Falamos dos trabalhadores com contratos a prazo, falsos recibos verdes, trabalhadores à peça, à hora; trabalhadores de empresas de trabalho temporário ou outsourcing; trabalhadores no período experimental; falsos estágios, falsas bolsas de investigação e de tantos, mas tantos outros trabalhadores com vínculos precários que, respondendo a necessidades permanentes têm na instabilidade e na incerteza do seu posto de trabalho o quotidiano das suas vidas, o que torna a precariedade num flagelo na Região. É claramente a substituição de trabalhadores com direitos por trabalhadores sem direitos.

Falamos em longas jornadas de trabalho, intensos ritmos de trabalho, horas extraordinárias não remuneradas.

Horários desregulados, turnos informados de véspera. Fins-de-semana com os filhos que não há, porque são negadas as condições para a articulação da vida profissional, pessoal e familiar. Limitação e negação de direitos de maternidade e paternidade. Chantagens, pressões, represálias sobre trabalhadores.

Falamos em baixos salários, são cada vez mais os trabalhadores que auferem o salário mínimo praticado na Região e são cada vez mais os que estão em situação de pobreza, empobrecendo a trabalhar.

Por isso a Direcção do SITACEHT/AÇORES alerta para a necessidade de ser preciso também agir no combate a outros vírus que aí andam há décadas: o vírus dos baixos salários, da precariedade, da exploração, do empobrecimento e das políticas que os alimentam.

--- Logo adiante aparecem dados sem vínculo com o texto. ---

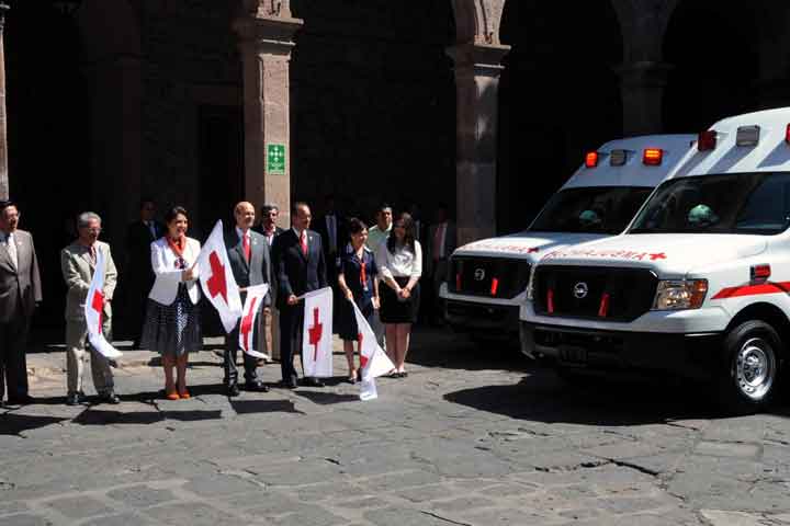 NOTICIAS 21/03/2014Ponen en marcha la colecta anual de la Cruz Roja El gobernador del Estado, Fausto Vallejo Figueroa y su esposa, la presidenta honoraria de la Cruz Roja Mexicana delegación Michoacán, Patricia Mora de Vallejo, encabezaron la ceremonia de inicio de la Colecta Anual de dicha institución, cuyo lema es "Cada moneda cuenta, cuando hay ayuda, hay esperanza, dona", arranque en que el mandatario estatal hizo entrega de cinco ambulancias equipadas, cuya inversión fue de 3 millones 900 mil pesos, de l... Ver más...

O Movimento Sindical Unitário Açoriano tem defendido que tempos excepcionais exigem medidas excepcionais que protejam e reforcem os direitos e os rendimentos dos trabalhadores e que garantam protecção social.

Neste sentido vamos continuar a luta pela melhoria das condições de vida dos trabalhadores açorianos, pois ela é condição essencial para uma Região que se quer desenvolvida, de progresso e justiça social.

O caminho para combater a pobreza, para combater as desigualdades sociais, para melhorar a vida das famílias e até para dinamizar o mercado interno, é inseparável da valorização dos salários, das reformas, das prestações sociais, da defesa e do reforço dos direitos laborais.

Exigimos a valorização geral dos salários, o aumento do acréscimo regional ao salário mínimo nacional de 5%, para 7,5%, não só por razões de justiça social e de uma mais justa distribuição da riqueza, mas também por razões de carácter económico, uma vez que assume especial importância no aumento do poder de compra, na dinamização da economia e do mercado interno.

Exigimos o firme combate à precariedade, pela sua erradicação, no sector público e no sector privado; a criação de emprego com direitos, que além de combater o desemprego significará também a dinamização da produção regional, combatendo dependências externas e produzindo cá o que nos impuseram comprar lá fora.

Exigimos também a valorização das carreiras e das profissões, a reposição dos valores pagos por trabalho suplementar, o reconhecimento das características penosas específicas do trabalho nocturno e por turnos, devendo este ser limitado às situações que sejam técnica e socialmente justificadas e os trabalhadores neste regime de trabalho serem devidamente compensados.

Exigimos a revogação das normas gravosas da legislação laboral, desde logo o fim da caducidade da contratação colectiva e a reposição do princípio do tratamento mais favorável. A contratação colectiva tem um papel estruturante na regulação do trabalho, é um instrumento fundamental para uma mais justa distribuição da riqueza, é um instrumento de consagração de direitos conquistados com a luta e simultaneamente é condição para o desenvolvimento e progresso da Região e do País.

Exigimos que os trabalhadores tenham tempo para viver, com horários dignos, pondo fim à desregulação dos horários de trabalho,

Impõe-se combater as desigualdades e as discriminações, garantir os direitos – a homens e a mulheres, aos jovens e aos mais velhos, a todos os trabalhadores, independentemente de etnias, crenças ou nacionalidades.

O mar é o mesmo, mas como já ficou mais do que provado, não estamos todos no mesmo barco, o nosso barco é a luta.

E por isso mesmo o SITACEHT/AÇORES vai participar na quinzena de luta, a nível nacional, de 27 de julho a 7 de agosto, para lutar pela reposição de todos os direitos e por melhores salários.